Click to See Complete Forum and Search --> : Patching a file without a patch file?


R-II2
09-02-2002, 01:06 AM
I have a source file, and I want to 'patch' it by inserting a line, and modifying (or replacing) a line. But I have to be able to do it via a command promt (or series of commands) with no external files involved. I know exactly what lines I want to insert or replace code, so hopefully there's some utility or even standard utility to help me do this..

Any ideas?

Rüpel
09-02-2002, 03:33 AM
so i get that right? you're searching for an editor, that is usable without X?

try pico or vim (vim is faaaaar better, but requires some learning...)

may this helps: vim is working in two different modes. command mode or edit mode. at startup you're in command mode (doing things like open, save, navigate, etc)
so type

:4711<enter> [go to line 4711]
hit 'i' [switching to edit mode]
[make your changes]
hit 'Esc' [back to command mode]
[maybe navigate to another line and edit something different things and when you're done and back in command mode type]
:wq<enter> [write changes and quit]

but be warned: editor discussion is like browser discussion is like operating system discussion is like gui-toolkit discussion is like .... everyone has it's fans and loathers ;)

TacKat
09-02-2002, 10:45 AM
Doing it in an editor (like Vim) is probably the standard way.
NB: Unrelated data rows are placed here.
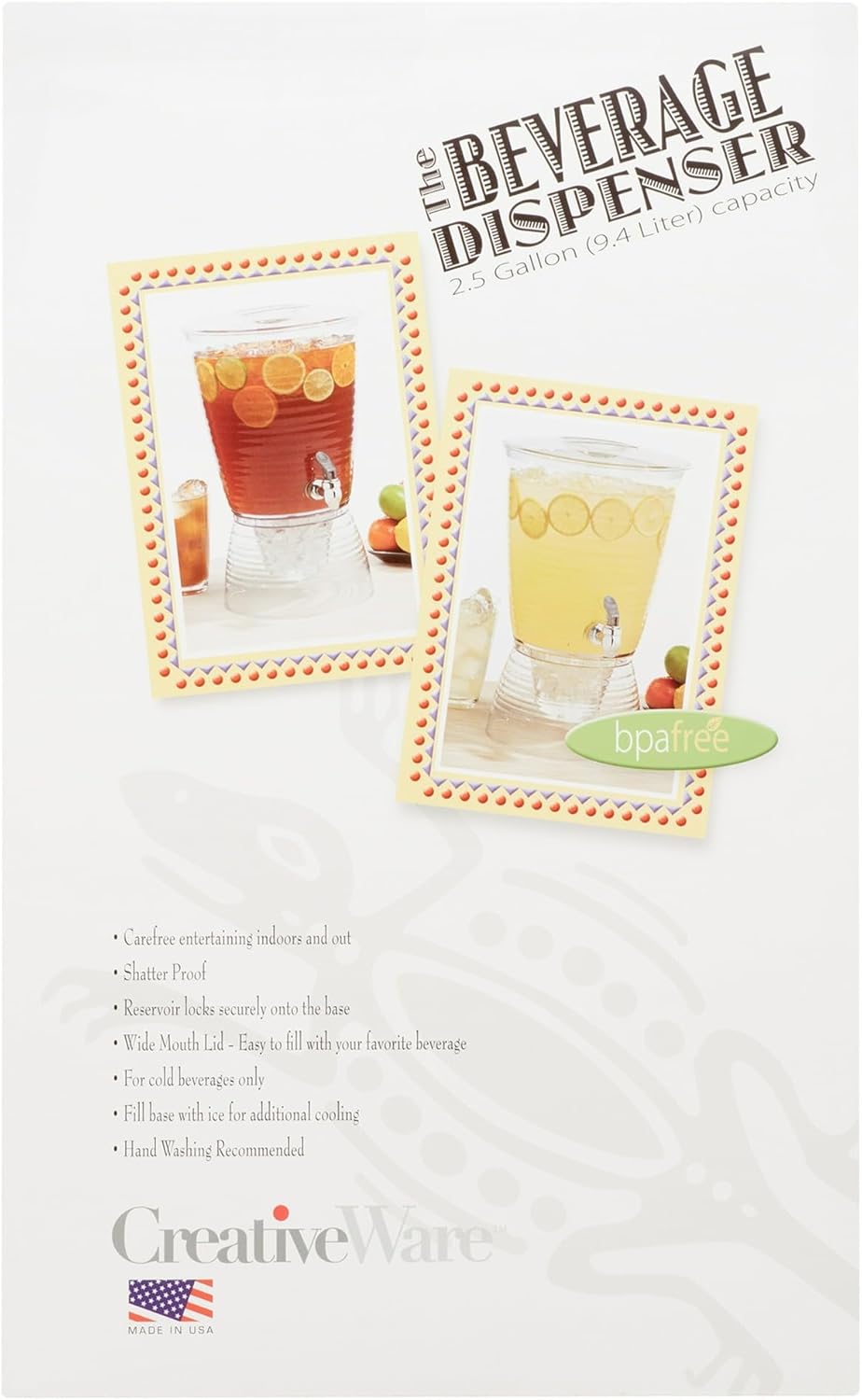 - 2.5 GALLON CAPACITY: Holds up to 2.5 gallons of your favorite beverage. Include compartentalized ice base for extended cooling
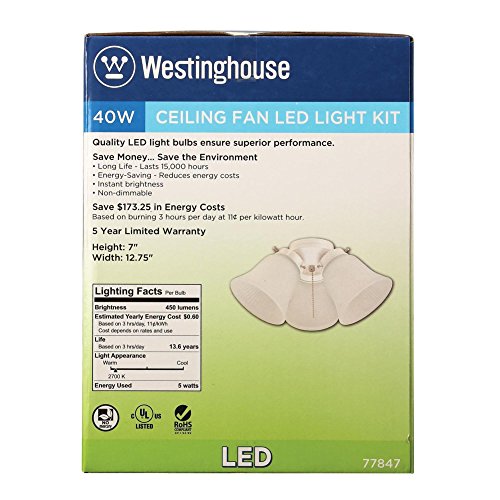 3 light, white, frosted ribbed glass ceiling Fan light kit, indoor use, installs easily with most standard 42" to 52" ceiling fans with a center hole in the housing cap, uses three 5W medium base Omni a15 non-dimmable LED light bulbs, included, 7"H x 12-3/4"W.Feature
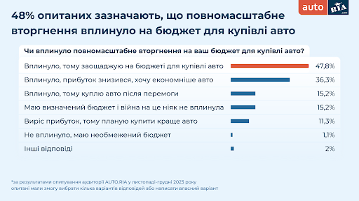 11% людей зазначили, що мають визначений бюджет для купівлі авто і повномасштабне вторгнення на нього не вплинуло. Проте 48% покупців заощаджують на купівлі. 36% опитаних указали, що прибуток зменшився, тому хочуть економнішу автівку.
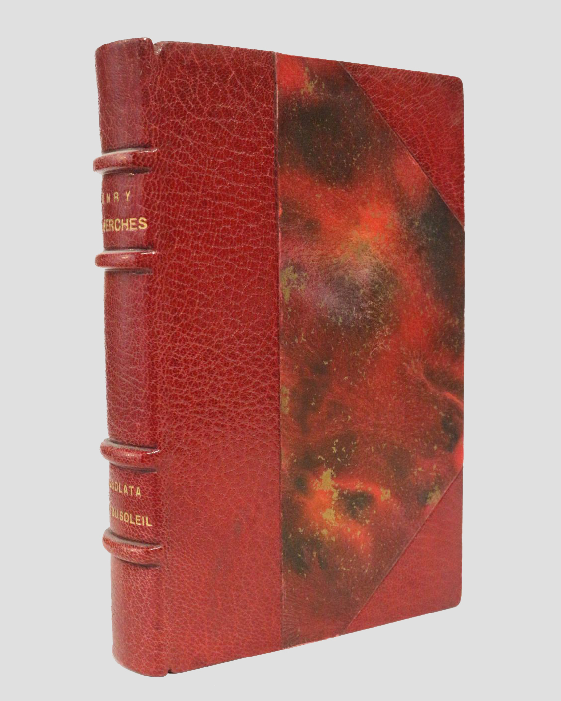 Reliure à la bradel en demi percaline verte, dos lisse orné d'un motif floral doré, date et double filet dorés en queue, pièce de titre de chagrin marron comportant des frottements, plats de papier marbré, couvertures conservées, tête dorée, reliure de l'époque signée Mertens.
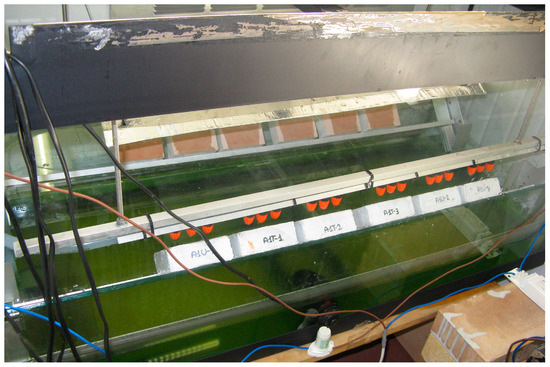 A heater maintained the temperature of the suspension at 24 °C and two wave pumps agitated the algal culture to avoid sedimentation of cells and to guarantee the ideal conditions for algal growth. Illumination was provided by two neon lamps that simulate daylight (1500 lux) for the photosynthesis of algae, while two UV lamps guaranteed 8 W/m2 on the surface of treated specimens to activate photocatalytic power of TiO2. Relative humidity (RH) in the chamber was 80%, but it reached 90% during water sprinkling.
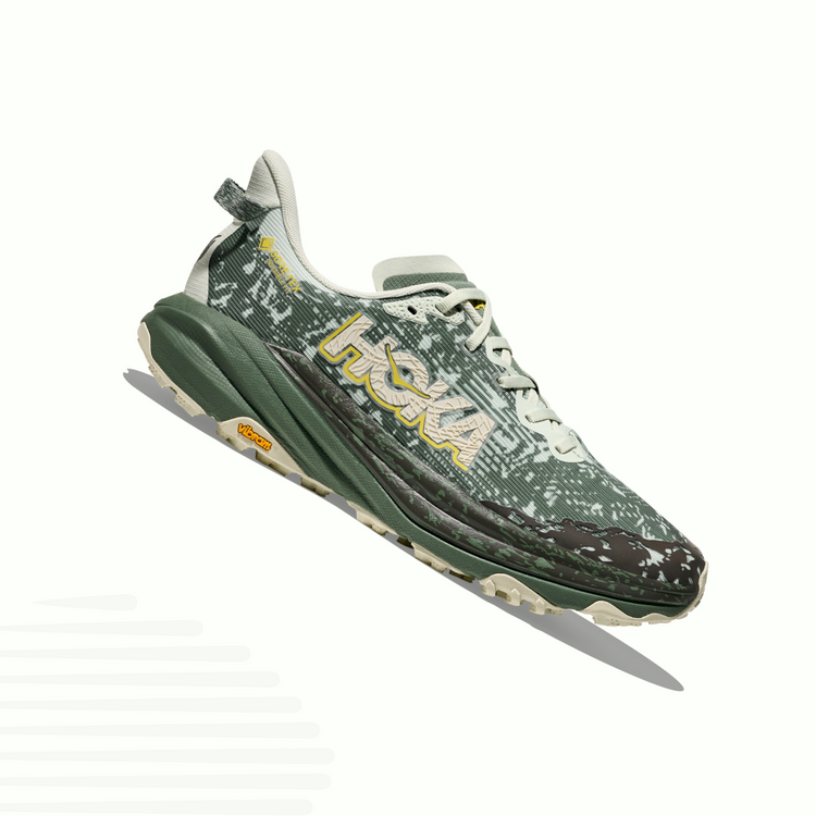 La Speedgoat 6 GORE-TEX est désormais encore plus confortable grâce à la membrane imperméable GORE-TEX Invisible Fit qui apporte souplesse et légèreté à la construction afin d’aider à éviter les points de pression. Doté d’une semelle extérieure Vibram® Mega-Grip avec crampons Traction Lug pour un meilleur mordant sur les sols instables, cet incontournable du trail utilise un renfort de talon qui épouse le pied, une semelle intermédiaire légère et réactive, et un embout protecteur pour foncer sur les terrains accidentés. Ne craignez plus la météo.
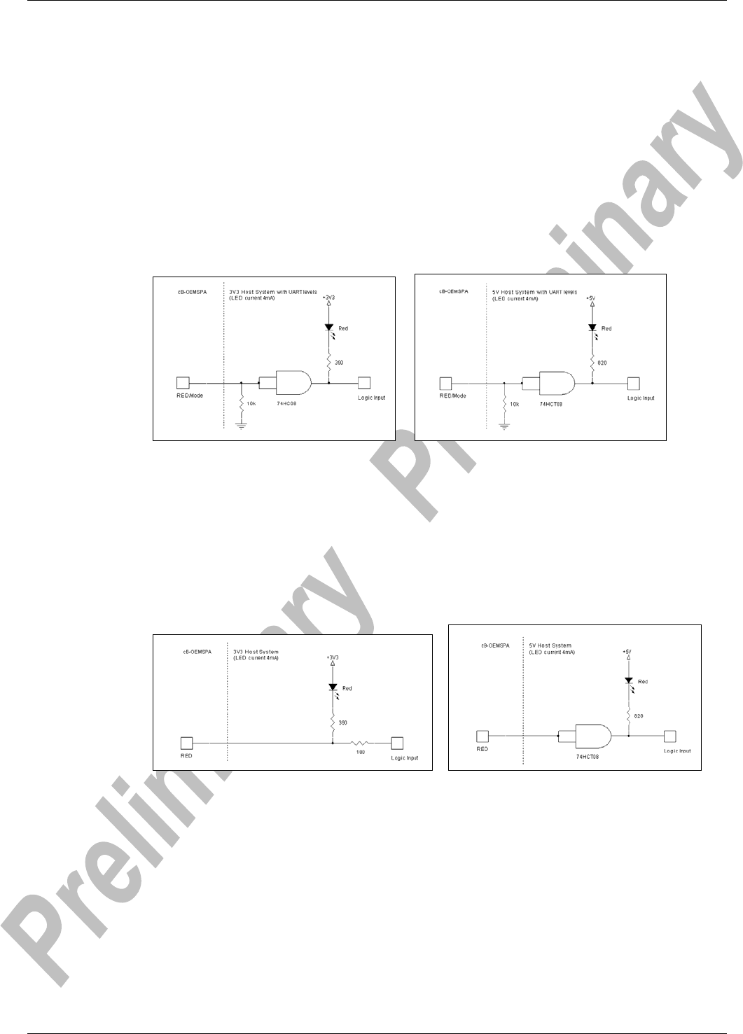 with a red LED in a 3.3V host system. The status of
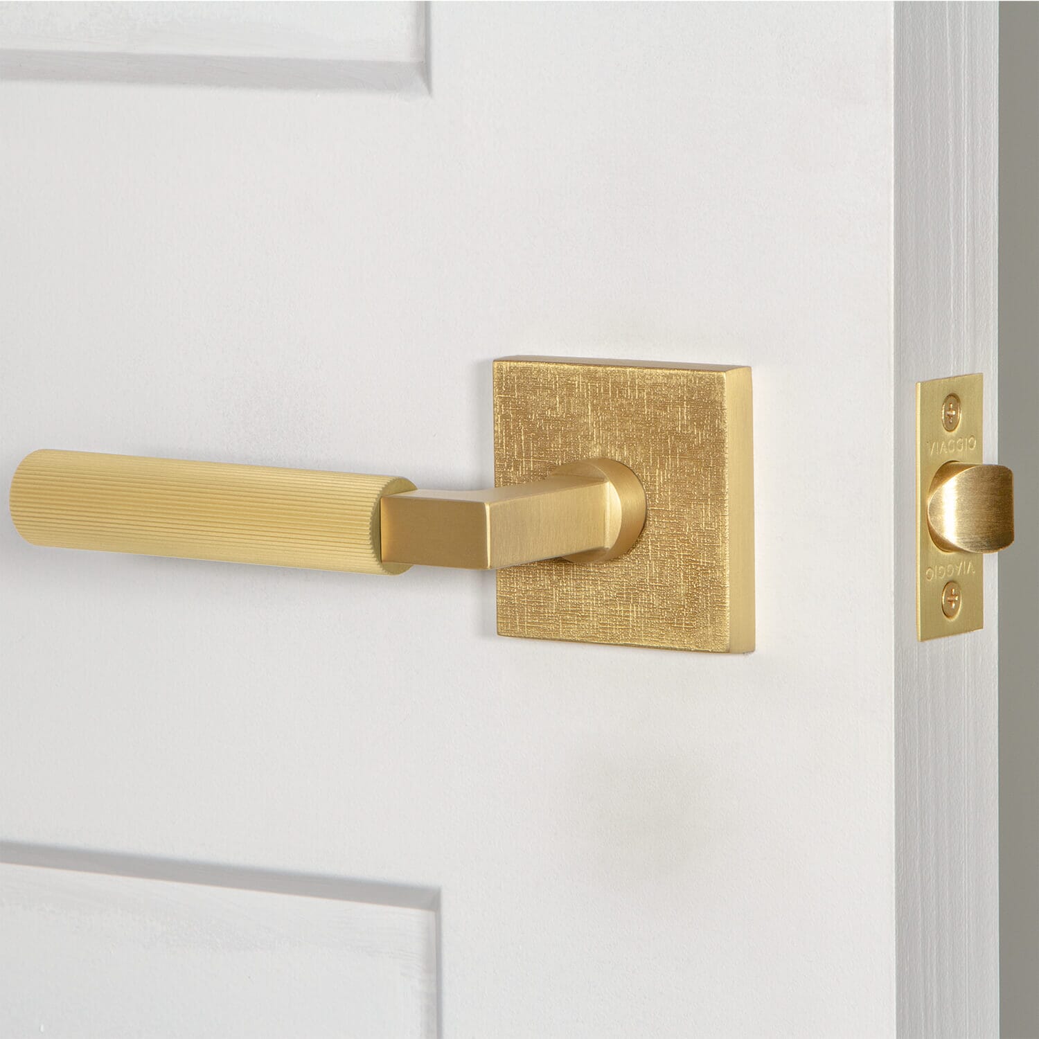 Quadrato Linen Rosette with Contempo Fluted Lever in Satin Brass
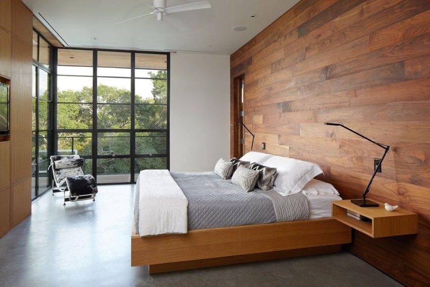 Достоинства и недостатки дизайна спальни с ламинатом на стене
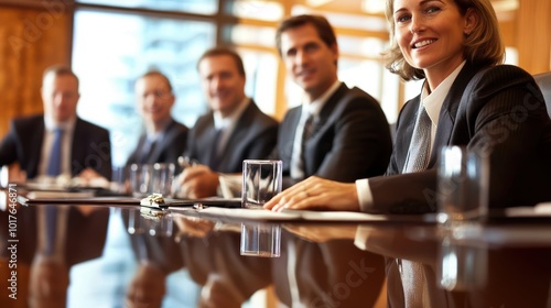 Corporate leaders discussing business growth strategies in an executive boardroom

But if you really want to do it with a series of commands, here's how that could be done. Say you want to edit the file foo.

mv foo foo.bak
sed -e '3a\
bar' -e '7a\
baz' -e '7D' foo.bak > foo

This moves foo to foo.bak so sed can work its magic (it's strange like that). The actual sed portion appends the line "bar" after line 3, appends the line "baz" after line 7, then deletes line 7. Obviously, change the line numbers and the content of the lines to whatever you want. Make sure foo has what you want, then

rm foo.bak

R-II2
09-02-2002, 12:29 PM
Thank you, that's exactly what I needed. The patching has to be done silently in an install script without any extra files (otherwise I'd have simply replaced the source page).